Greco is tuned in to the lighthearted side of Craig Lucas’ book, sprinkling a generous number of gags and winks to the audience throughout. At best, this humor illuminates the absurdity of arbitrary social norms; at worst, it leans on gender and cultural stereotypes, most frequently with Fabrizio’s brother and sister-in-law (Alexander Ross and Rebekah Rae Robles), and sometimes stops a scene’s dramatic energy in its tracks.

Luckily, these dramatic moments are helmed by Emily Skinner as Clara’s mother, Margaret, whose fears and romantic disillusionments comprise the play’s central tension. Her excavation of Margaret’s psychological journey brings much-needed restraint to the production’s emotional landscape, which otherwise shines brightest during characters’ external-facing outbursts of desire or despair.

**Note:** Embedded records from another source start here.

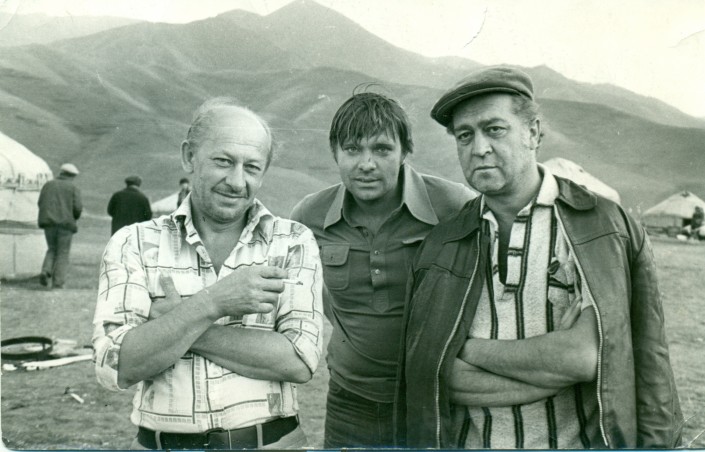 Слева направо: Е. Евстигнеев, О. Видов, В. Сошальский. Надпись на обороте: "Дорогой Саре Камаловне с пожеланиями счастья. Здоровья Вам и Вашим близким. С благодарностью, О. Видов". Алма-Атинская область, 1977 год. Фото из семейного архива С. К. Журабаевой и И. И. Карсакбаева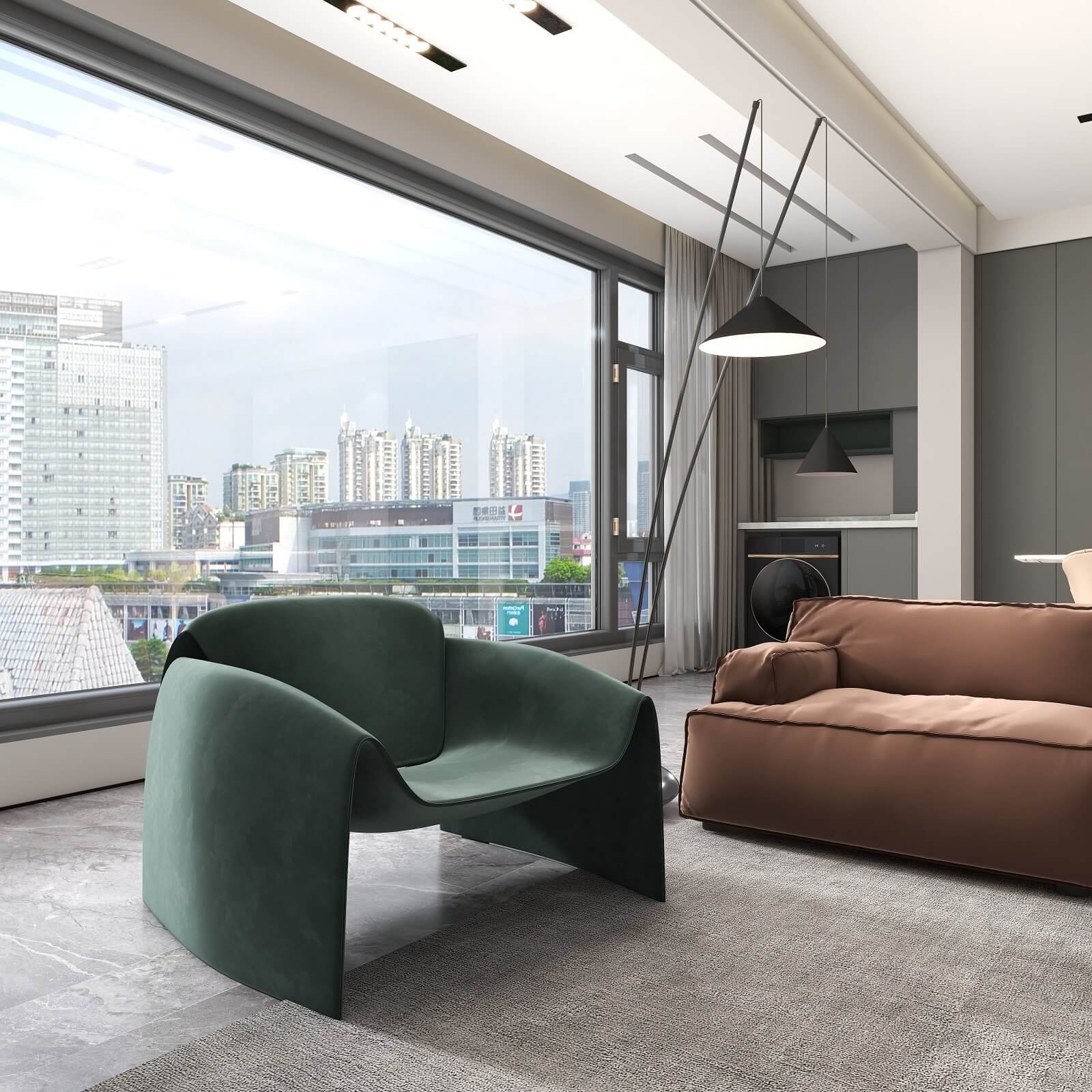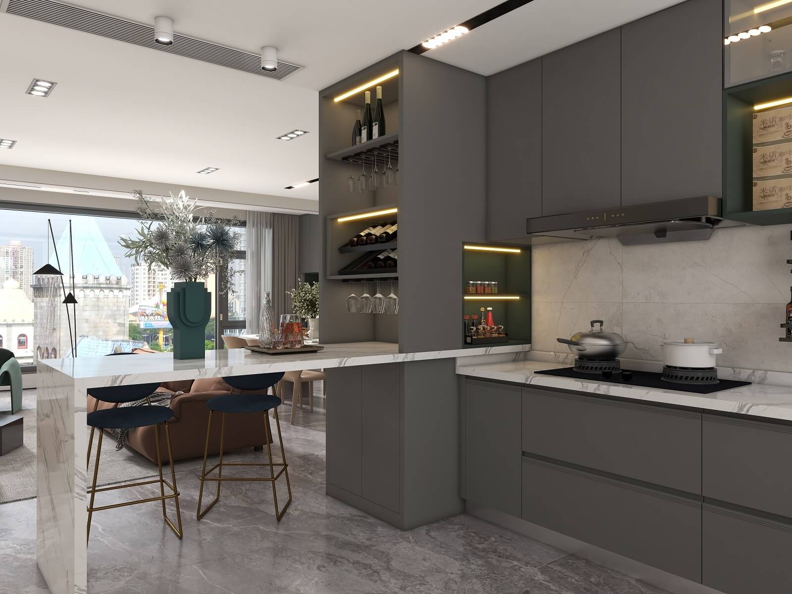 長廊形式的西廚,引起視覺上的延伸效果,實(shí)現(xiàn)空間上的自由感,讓自然與光影去隨意裝飾,浪漫與溫馨的氛圍在其中蔓延。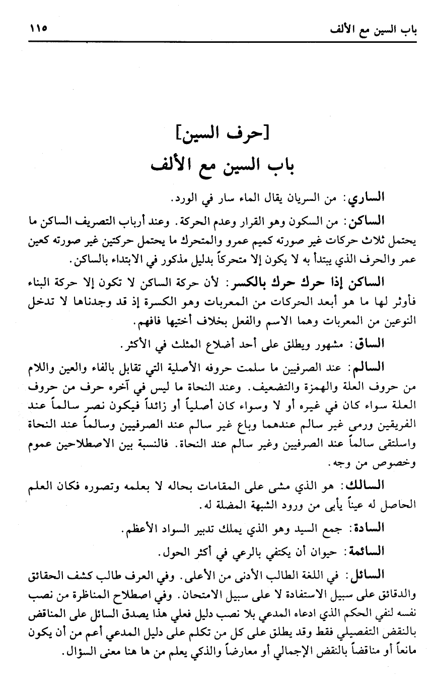 السَّاكِن: من السّكُون وَهُوَ الْقَرار وَعدم الْحَرَكَة. وَعند أَرْبَاب التصريف السَّاكِن مَا يحْتَمل ثَلَاث حركات غير صورته كميم عَمْرو والمتحرك مَا يحْتَمل حركتين غير صورته كعين عمر والحرف الَّذِي يبتدأ بِهِ لَا يكون إِلَّا متحركا بِدَلِيل مَذْكُور فِي الِابْتِدَاء بالساكن.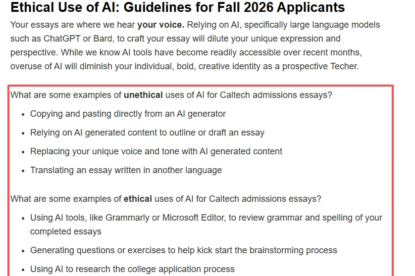 對2026年秋季入學的學生,加州理工也劃了紅線:直接複製粘貼AI內容、用AI寫大綱或草稿、讓AI模仿你的語氣、用AI翻譯文書,統統不行! 只能用它檢查語法、説明腦力激盪、或者做大學資訊研究。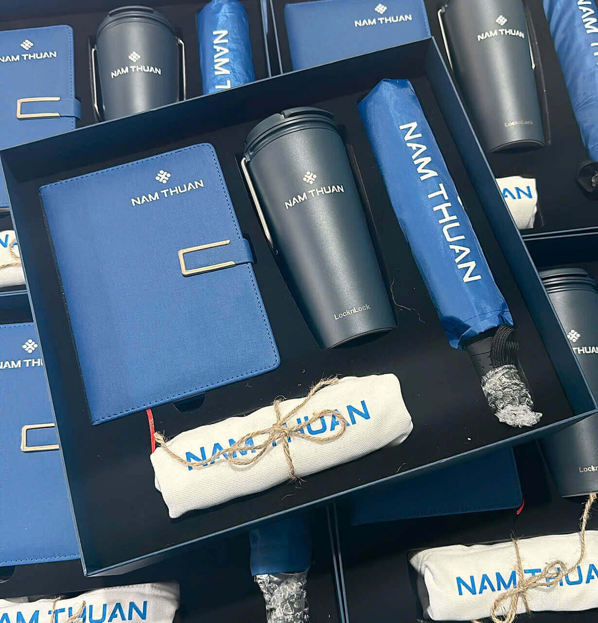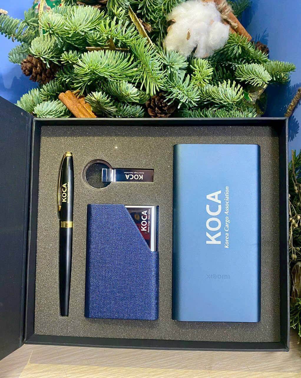 Bộ quà này có thể bao gồm bút, sổ tay, chì kẻ, bình giữ nhiệt và nhiều món đồ khác. Tất cả đều được in logo để nâng cao giá trị thương hiệu và tạo ấn tượng.

The musical’s portrayal of disability teeters on stereotype: Clara’s childlike positivity is explained by her developmental disability, but it’s also a tired trope, and her journey is ultimately more of a catalyst for her mother’s growth than her own. This is more a problem with the text than anything, but I wonder if these themes would feel weightier if the production were more tonally balanced.

Another star of this production, fittingly, is Christopher Akerlind’s lighting, complemented by Andrew Boyce’s scenic design. The visual design strips Florence’s shops, museums, and landscapes down to their foundational shapes and lines, using splashes of color, light, and movement to gesture toward shifts in tone and atmosphere. Much of the visual appeal comes from what isn’t seen: a shaft of golden light beckons from just offstage, or someone motions to an architectural relic just out of reach.

Altogether, this production is not unlike the paintings that Margaret admires so deeply – a feat of beauty captured inside a proscenium arch rather than a picture frame. The Light in the Piazza is a little strange, and The Huntington’s production a tad uneven, but all-in-all, it’s as moving as the city that inspired it.